= Aim of the task =
Please give every line below again exactly, but not its pictures.

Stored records
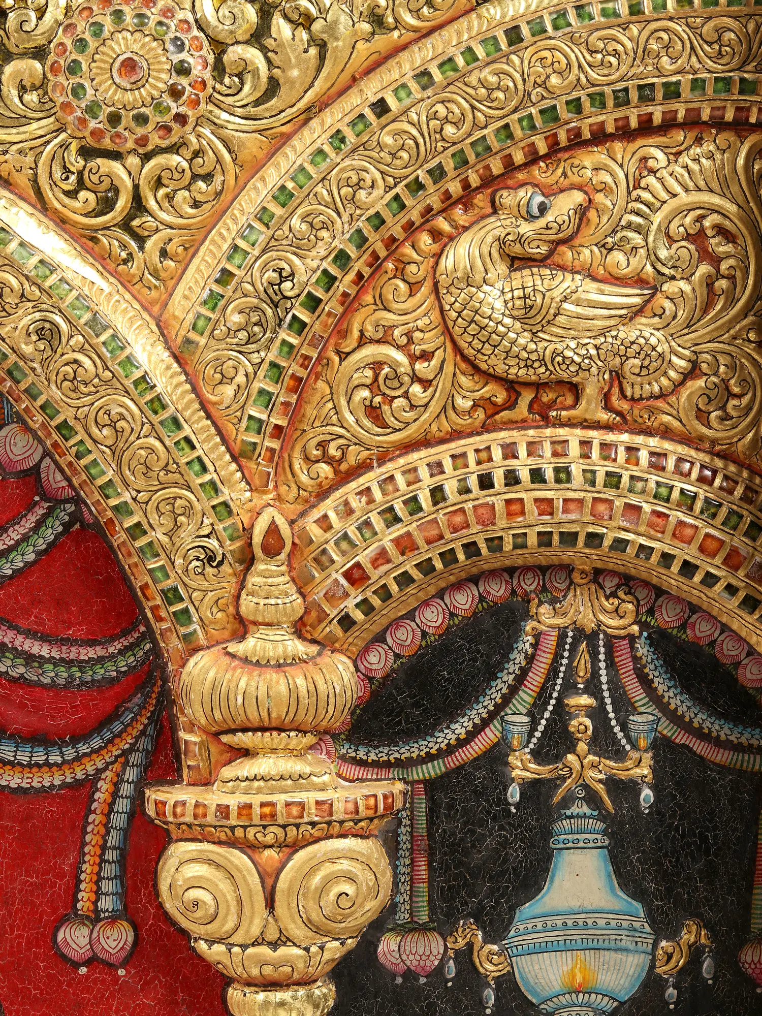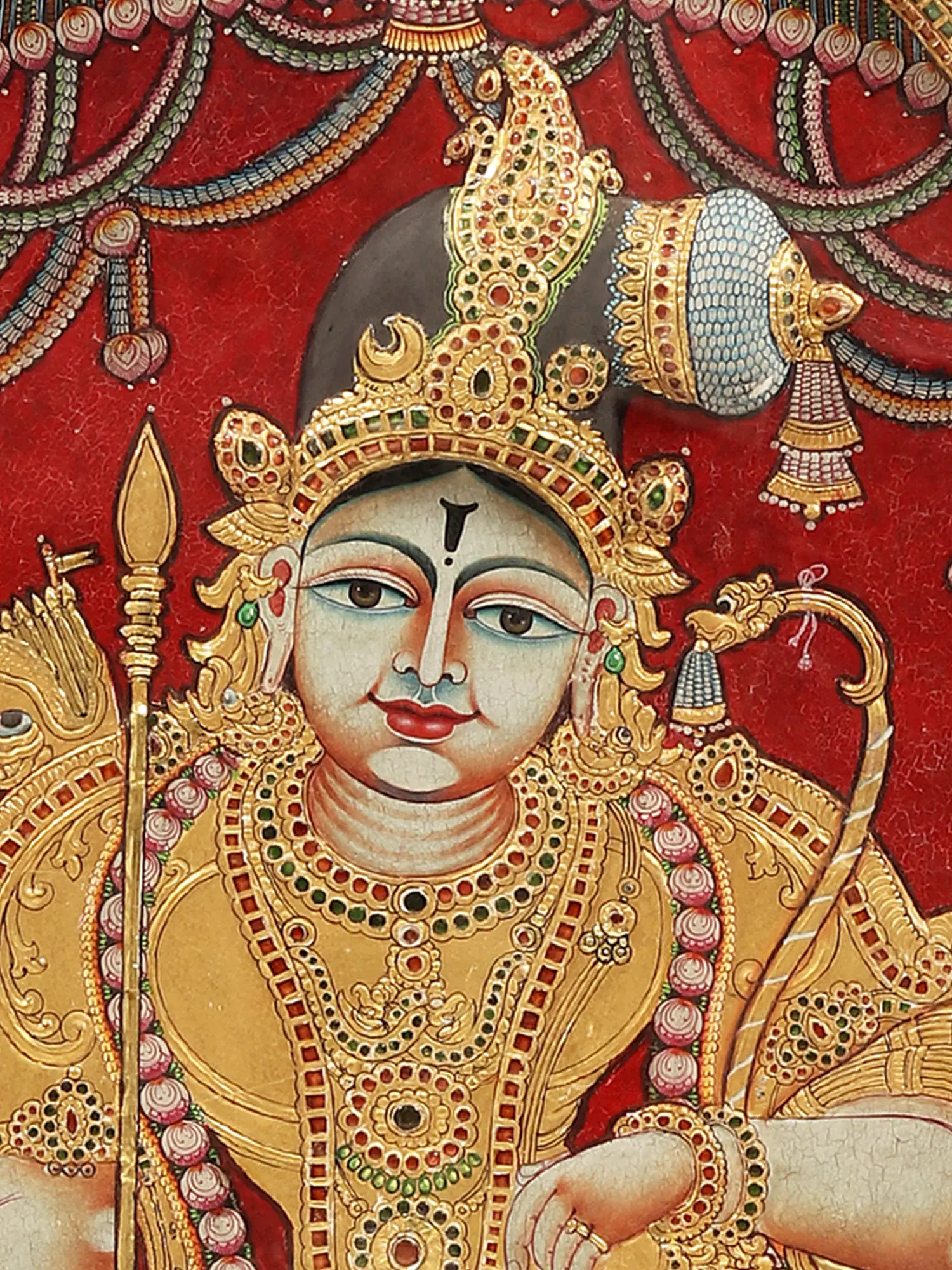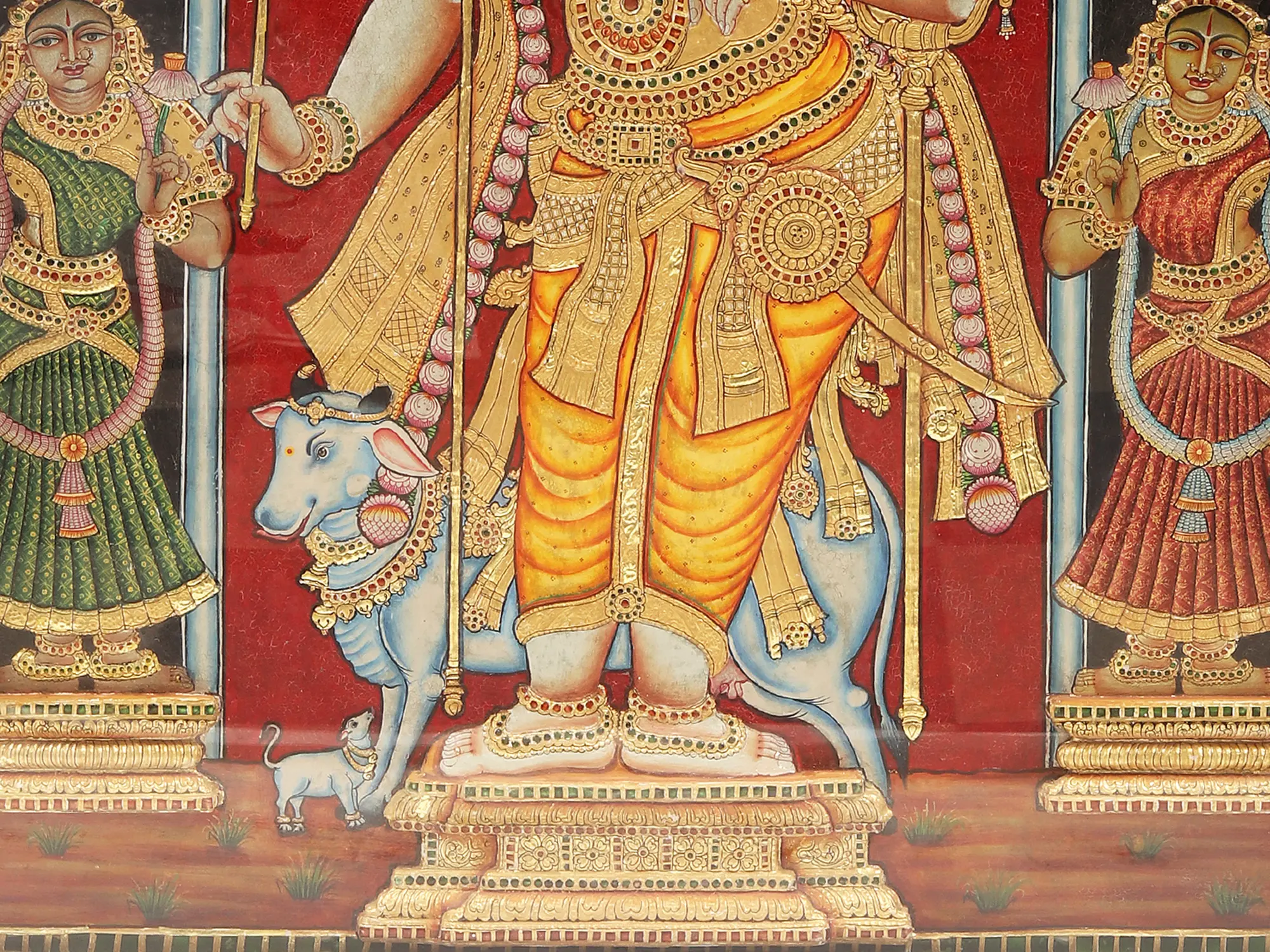 Manifesting a royal being, Krishna as Rajagopala is complemented by his twin wives- Rukmini and Satyabhama, who stand on each side, on individual platforms, holding lotus blossoms that appear as supple as their forms. Together with the two emanations of Sridevi and Bhudevi, Rajagopalaswamy in this painting is Sri Vishnu himself, the great preserver of the Universe.
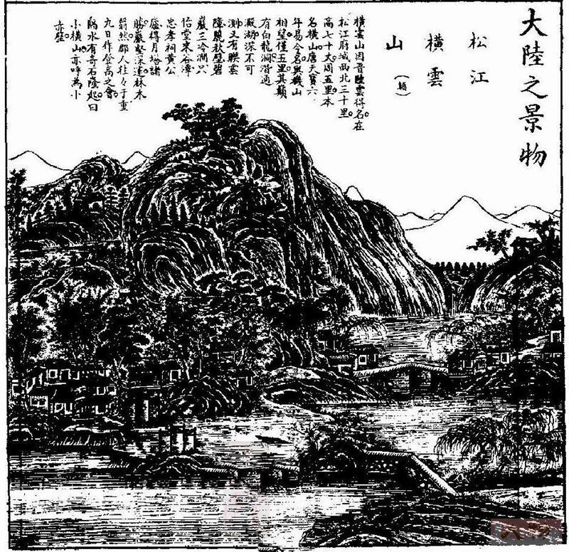 横云山因晋陆云得名,在松江府城西北三十里。高七十丈,周五里,本名横山,唐天宝六年易今名。....
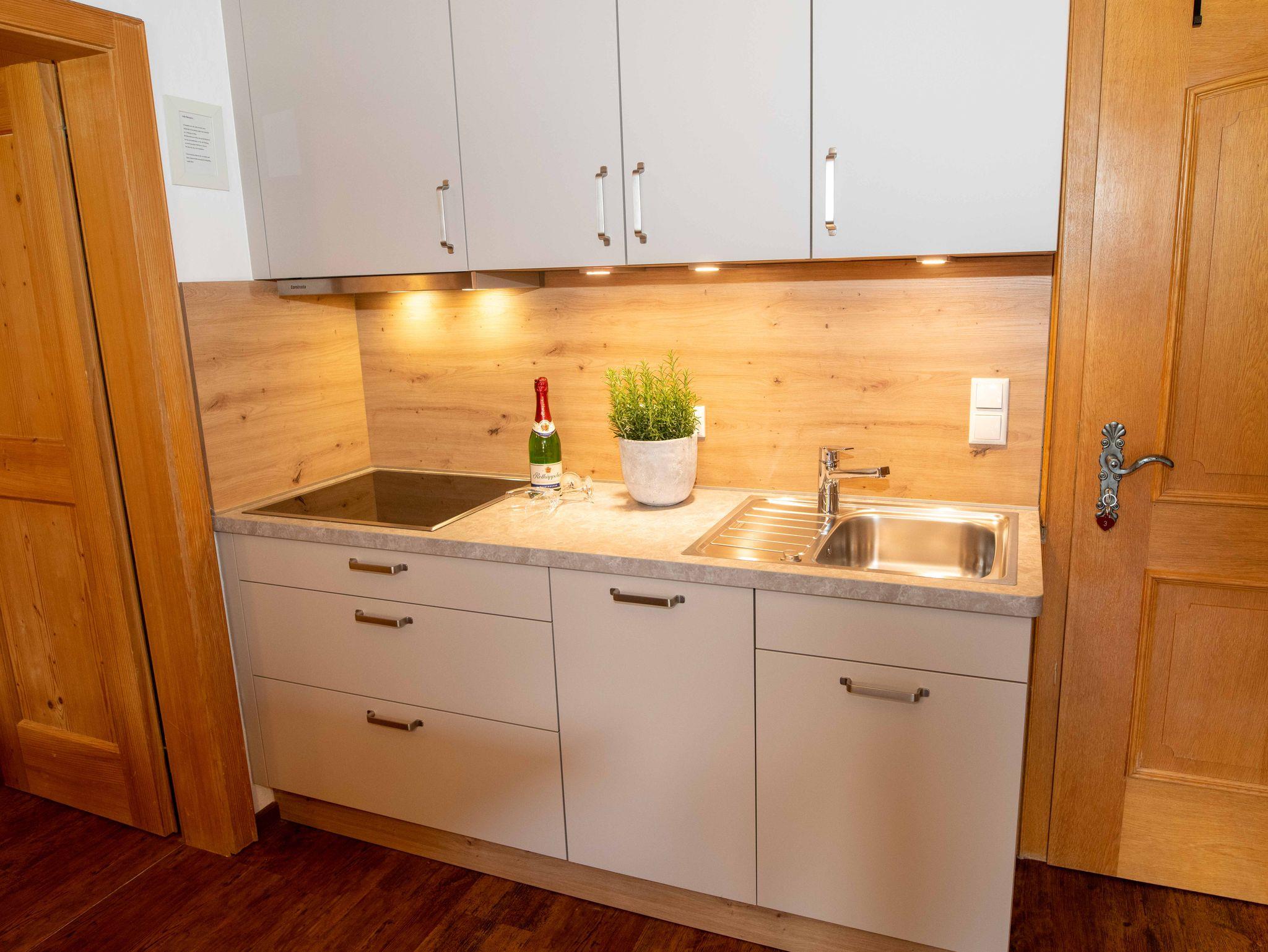 Gemütlich und liebevoll vom Schreiner eingerichtete Ferienwohnung im Landhausstil mit einem Schlafzimmer. Weitere Personen auf Anfrage möglich. Wohnraum mit Küchenzeile inkl. Backofen und Geschirrspüler, Bad mit Dusche und WC.
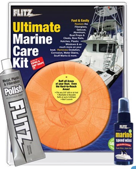 Kit Includes: (1) Flitz Polish-Paste 1.76oz (1) Marine Speed Wax 1.7oz (1) Large 5" Buff Ball
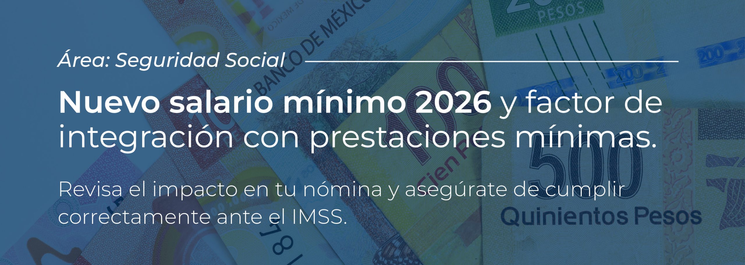 NUEVO SALARIO MÍNIMO 2026 Y FACTOR DE INTEGRACIÓN CON PRESTACIONES MÍNIMAS
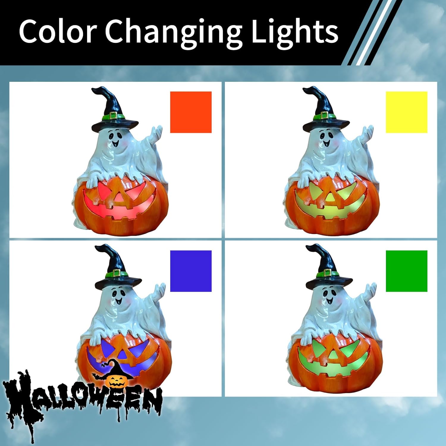 Solar Halloween Pumpkin Decoration with Ghost Solar Garden Lights Color Changing LED Lights Jack O Lantern Halloween Yard Lawn Party Outdoor Decorations

= Solution for this problem =
 Manifesting a royal being, Krishna as Rajagopala is complemented by his twin wives- Rukmini and Satyabhama, who stand on each side, on individual platforms, holding lotus blossoms that appear as supple as their forms. Together with the two emanations of Sridevi and Bhudevi, Rajagopalaswamy in this painting is Sri Vishnu himself, the great preserver of the Universe.
 横云山因晋陆云得名,在松江府城西北三十里。高七十丈,周五里,本名横山,唐天宝六年易今名。....
 Gemütlich und liebevoll vom Schreiner eingerichtete Ferienwohnung im Landhausstil mit einem Schlafzimmer. Weitere Personen auf Anfrage möglich. Wohnraum mit Küchenzeile inkl. Backofen und Geschirrspüler, Bad mit Dusche und WC.
 Kit Includes: (1) Flitz Polish-Paste 1.76oz (1) Marine Speed Wax 1.7oz (1) Large 5" Buff Ball
 NUEVO SALARIO MÍNIMO 2026 Y FACTOR DE INTEGRACIÓN CON PRESTACIONES MÍNIMAS
 Solar Halloween Pumpkin Decoration with Ghost Solar Garden Lights Color Changing LED Lights Jack O Lantern Halloween Yard Lawn Party Outdoor Decorations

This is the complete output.